Could it be her mother-in-law? she asked. Undoubtedly, and her escort was "Roly-poly," for Dora's description had fitted him perfectly.

Another act was on the stage. Acrobatic performers in silken tights began vaulting, climbing, balancing one upon the other. Tilly saw that John was valiantly pretending to be absorbed in their maneuvers. He was still flushed, and his eyes all but stood out from their sockets in their grim fixity. How she pitied him! How she longed to take the strong red hand which half clutched his knee and assure him that it didn't matter to her at all.

In the middle of the act something seemed to actually draw her eyes to his mother's face. Lizzie Trott, with an expression half bewildered, half abashed, was gazing past her son straight at her. The eyes of the two met in a steady stare of infinite curiosity. The eyes of the woman of the world seemed to cling to the eyes of youth and purity. The former sank first. Lizzie Trott's wavered and fell to the dainty handkerchief in her lap.

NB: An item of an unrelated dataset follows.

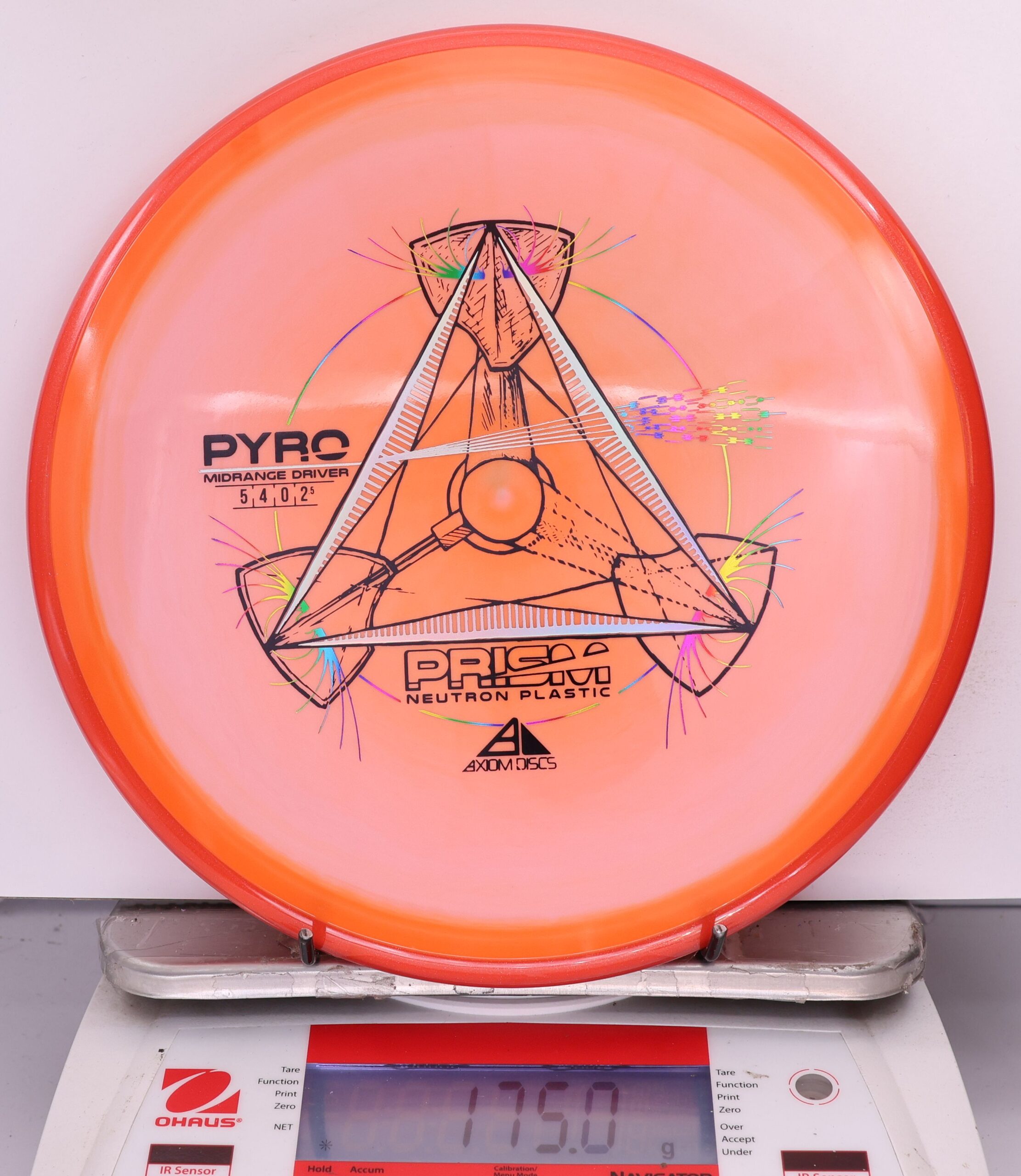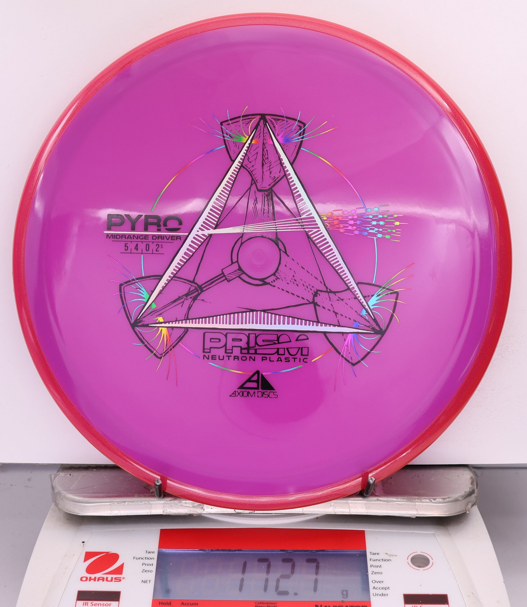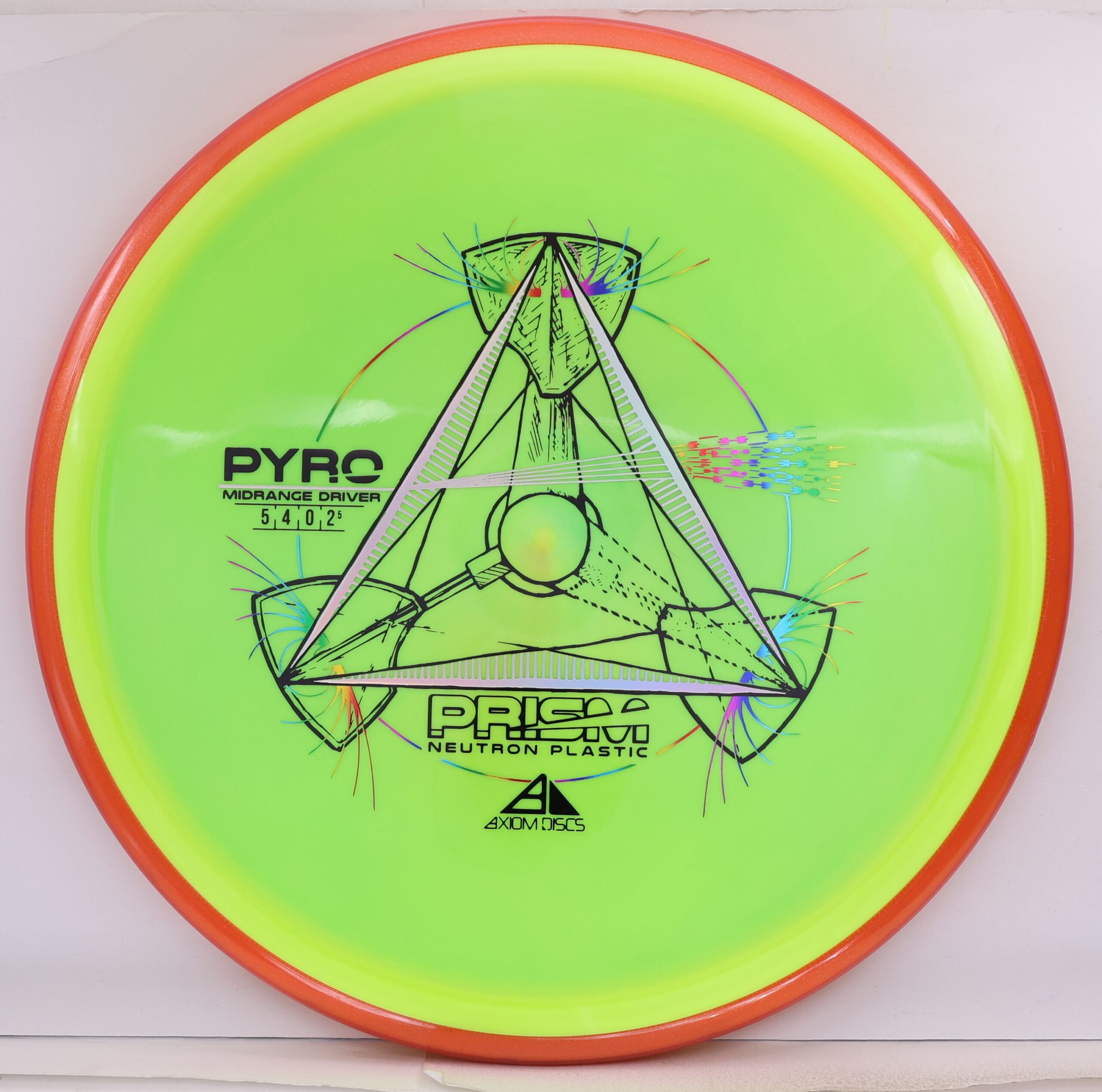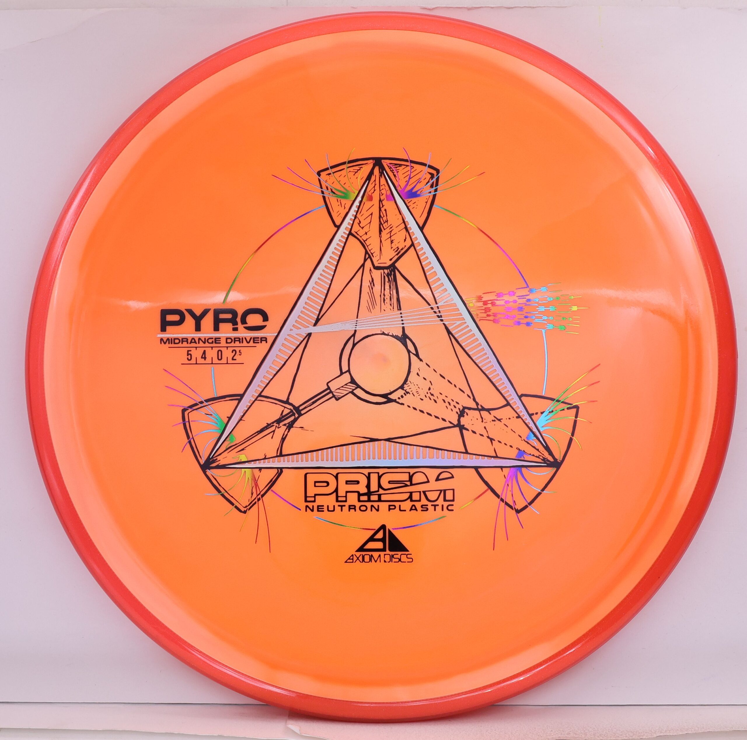 The Axiom Prism Neutron Pyro is a beefy midrange with a flashy, candy-coated rim and serious overstability. It’s made to handle power, fight wind, and end with a reliable fade—perfect for forehands, flex lines, and confident, controlled approaches.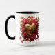 Un design d'inspiration valentine qui respire l'amour et l'élégance, avec un coeur métallique doré lustré embrassé par des roses roses vives. Le contraste saisissant entre le coeur doré et les fleurs roses douces reflète l'essence de la passion, de la beauté et de l'affection. Ce design évoque le sentiment romantique parfait, idéal pour célébrer l'amour le jour de la Saint-Valentin ou toute occasion qui demande une touche de luxe sincère. "Image originale générée par Meta AI. L'IA a généré des oeuvres d'art. Licence CC BY-SA 4.0."

"She is like John about the mouth and eyes," Tilly thought. "Poor woman!

I could love her. For John's sake I could love her. Yes, I could love her. In spite of what she is, I could love her. Poor woman! Poor woman!

And she is John's mother--actually his mother! She is not wholly bad. I see that in her face. Something is wrong. She looks tired, sad, disgusted."

Tilly now saw John with a flurried look in his eyes glance toward the entrance. She read his thoughts. He was wondering if they might not get away. He was dreading something, but what she knew not. Perhaps he was afraid that his mother might at the end of the performance come across boldly and introduce herself to her daughter-in-law, and perhaps make a scene as she had done the day before. Again Tilly looked at her mother-in-law. Their eyes met once more and clung together with almost mystic comprehension.

"Don't be afraid," Lizzie Trott's whole aspect seemed to say. "We'll go away. I understand, and I'll not make it hard for you."

And a moment later she was whispering something into the ear of her companion, and the two rose and went out. John saw their backs as they left, and Tilly noticed the expression of vast relief in his face.

"Poor woman!" Tilly said to herself. "We could be friends. She is a real woman, after all. She'd have to be to be John's mother."

An hour later they were leaving the tent. Tilly declined John's invitation to go to the soda-water and ice-cream parlor across the street where a gay crowd under revolving fans were taking seats at numerous small white tables.

"I don't care for anything," she assured him. "Let's walk on. The night is lovely and it looks like it is close in there."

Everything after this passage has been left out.